# brindes



## HAL25

Como traducen al español la palabra "brindes" del portugues cuando en el contexto habla que empresas patrocinadoras pueden dar "*brindes*"/  

Muchas gracias por la ayuda

HAL25


----------



## octoplasm

_Brindes_ quiere decir _obsequios_.


----------



## Outsider

Tal vez "regalos", también.


----------



## HAL25

muchas gracias


----------



## Tomby

Outsider said:


> Tal vez "regalos", también.


Caro Outsider: você tem razão, mas quando assistia a aulas de português a professora dizia que "brinde" era um _pequeno presente_, em espanhol "obsequio", por exemplo, uma caneta, uma agenda, um livro, etc. Porém estas coisas também são "regalos", mas esta palavra se usa para dádivas maiores; por exemplo, um amigo ou um parente oferece um presente [regalo] para o aniversariante e uma caixa de poupança oferece um brinde [obsequio] nas quadras do Natal. 
Não sei se me fiz explicar. 
Cumprimentos!


----------



## Outsider

Penso que tem razão, Tombatossals. Um brinde é um pequeno presente, especialmente daqueles que algumas marcas oferecem aos seus clientes como promoção. Por exemplo, "compre este chocolate, e leva um brinquedo para o seu filho de brinde".


----------



## Katuka

Tombatossals said:


> Caro Outsider: você tem razão, mas quando assistia a aulas de português a professora dizia que "brinde" era um _pequeno presente_, em espanhol "obsequio", por exemplo, uma caneta, uma agenda, um livro, etc. Porém estas coisas também são "regalos", mas esta palavra se usa para dádivas maiores; por exemplo, um amigo ou um parente oferece um presente [regalo] para o aniversariante e uma caixa de poupança oferece um brinde [obsequio] nas quadras do Natal.
> Não sei se me fiz explicar.
> Cumprimentos!


 

Concordo.

Em países hispanos ouvi muitas vezes a palavra "souvenir" para se referir a esses presentes ou lembranças (empresariais ou não).

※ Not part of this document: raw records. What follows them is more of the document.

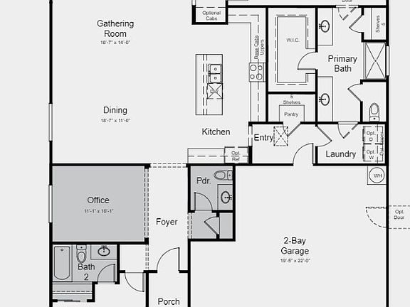 REPRESENTATIVE PHOTOS ADDED. October Completion. Located in 55+ active lifestyle community Ovation at Mountain Falls, the Primrose offers 2 bedrooms, 2.5 baths, office, and a 2-car garage. The generously sized covered outdoor living space has direct access to the open gathering room, dining, and kitchen area. Test your culinary skills in your new chef-inspired kitchen showcasing a large food prep island, walk-in pantry, 42" cabinets, quartz countertops with upgraded backsplash. The primary suite is tucked away at the back of the home for privacy with an oversized walk-in closet and spa-like bath. The secondary bedroom is located at the front of the home - ideal for guests. The Ovation at Mountain Falls community is designed for today’s 55+ home buyers with resort style amenities. Structural options include: 12' center meet sliding glass door. powder room, office and ensuite bathroom.
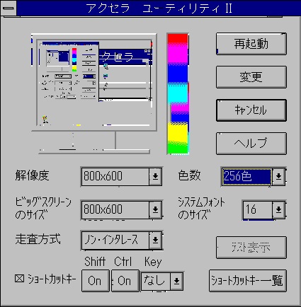 ディスプレイ設定は 800 X 600 256色に設定しています
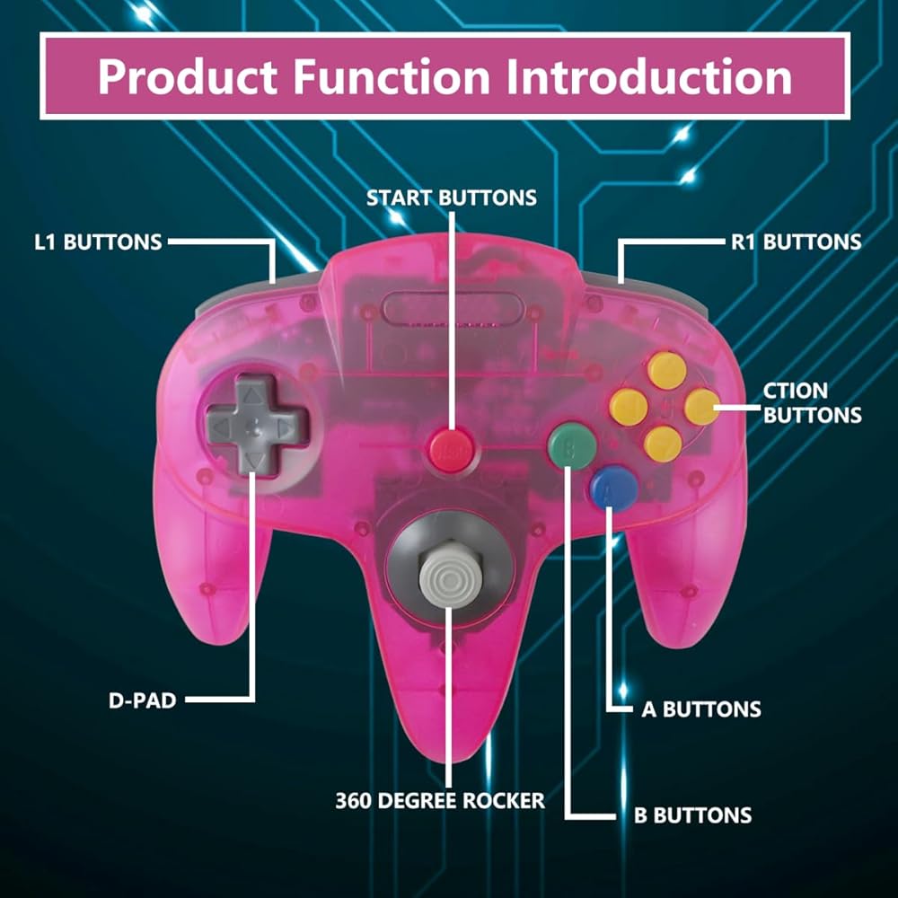 Fitment:Works exactly for Classic 64 (N64 video game console), perfect for Mario Kart 64, Perfect Dark, Super Mario 64,Super smash and many other classic N64 games.Notice:NOT compatible with Nintendo Switch / Gamecube System/Wii/Wii U Console and PC computer

Por ser uma palavra em inglês, deve ser como aquelas palavras que mesmo em outro idioma são adotadas no idioma local por não existir uma mais adequada que a identifique, como por exemplo "overbooking" (ninguém diz venda superior à capacidade real da aeronave).
As palavras obsequios, regalos, presentes, transmitem maior tamanho e importância do que "brinde", que seria o apropriado porém não existe no espanhol. 
Katty


----------



## Adrireis

Olá,

gostaria de saber como vocês costumam traduzir a palavra "*brindes*" para o espanhol. Já ouvi falar em 'promocionales' mas não achei muito legal essa tradução.

Abraços


----------



## Vanda

Para ajudar os hispanoparlantes, brinde neste contexto quer dizer: 
dádiva, oferta, presente que as lojas, qualquer comércio, fazem/dão para agradar os clientes.


----------



## Tomby

Segundo os contextos pode ser um "_obsequio_". Normalmente se diz "_obsequio de cortesía_".
Espero ter ajudado.
TT.


----------



## Vanda

TT, então quer dizer que, se eu fizer uma compra numa loja na Espanha, por exemplo, e aquela loja resolveu dar um sabonetinho de(brinde) 'obsequio de cortesia' para todos os clientes??


----------



## olivinha

Tomba, não pode ser _regalo_ também?


----------



## coquis14

olivinha said:


> Tomba, não pode ser _regalo_ também?


Sim , pode: Regalo , presente , obsequio (de cortesía).

Saludos


----------



## Tomby

Vanda e Olivinha: Sim pode ser também um _regalo_ ou um _presente_, mas o que eu entendo por brindes em portugués (pequeno _regalo_ ou _obsequio_) é o que diz a Vanda: um sabonetinho, um isqueiro, sei lá. Ja disse que depende de contextos. 
Espero que me fiz entender. 
Ao dispor!
TT.


----------



## coquis14

Pesquisando encontrei que já foi discutido.
http://forum.wordreference.com/showthread.php?t=894110


----------



## Vanda

Valeu, Coquis. Nem me lembrei que já pudesse ter sido discutido. Já uni os tópicos.


----------



## Tomby

¡Gracias Coquis! 
Envio-te um brinde. 
TT.


----------



## Giorgio Lontano

Oi.
 
Um nome mais técnico é: *artículos promocionales*.
 
Abraços.


----------



## coquis14

Tombatossals said:


> ¡Gracias Coquis!
> Envio-te um brinde.
> TT.


 O curioso é que , você , *TT* foi a "chave" para arranjar a resposta mais apropiada nos dois fios.

Até mais


----------



## argentinodebsas

Katuka said:


> Concordo.
> 
> Em países hispanos ouvi muitas vezes a palavra "souvenir" para se referir a esses presentes ou lembranças (empresariais ou não).
> 
> Por ser uma palavra em inglês, deve ser como aquelas palavras que mesmo em outro idioma são adotadas no idioma local por não existir uma mais adequada que a identifique, como por exemplo "overbooking" (ninguém diz venda superior à capacidade real da aeronave).
> As palavras obsequios, regalos, presentes, transmitem maior tamanho e importância do que "brinde", que seria o apropriado porém não existe no espanhol.
> Katty



Para "overbooking", existe una palabra en español, que por lo menos en Argentina es de uso (y práctica) común: sobreventa.


----------



## Mangato

olivinha said:


> Tomba, não pode ser _regalo_ também?


 
Sim pode,  Olivinha, mas acostumamos a usa-lo en diminutivo. Nesse caso *Regalito.* Ainda que a publicitade trata sempre de magnificar.
_Compre un coche XX y llévese un maravilloso regalo._

O presente maravilhoso torna-se numa coisinha  do _*todo a cien* _


----------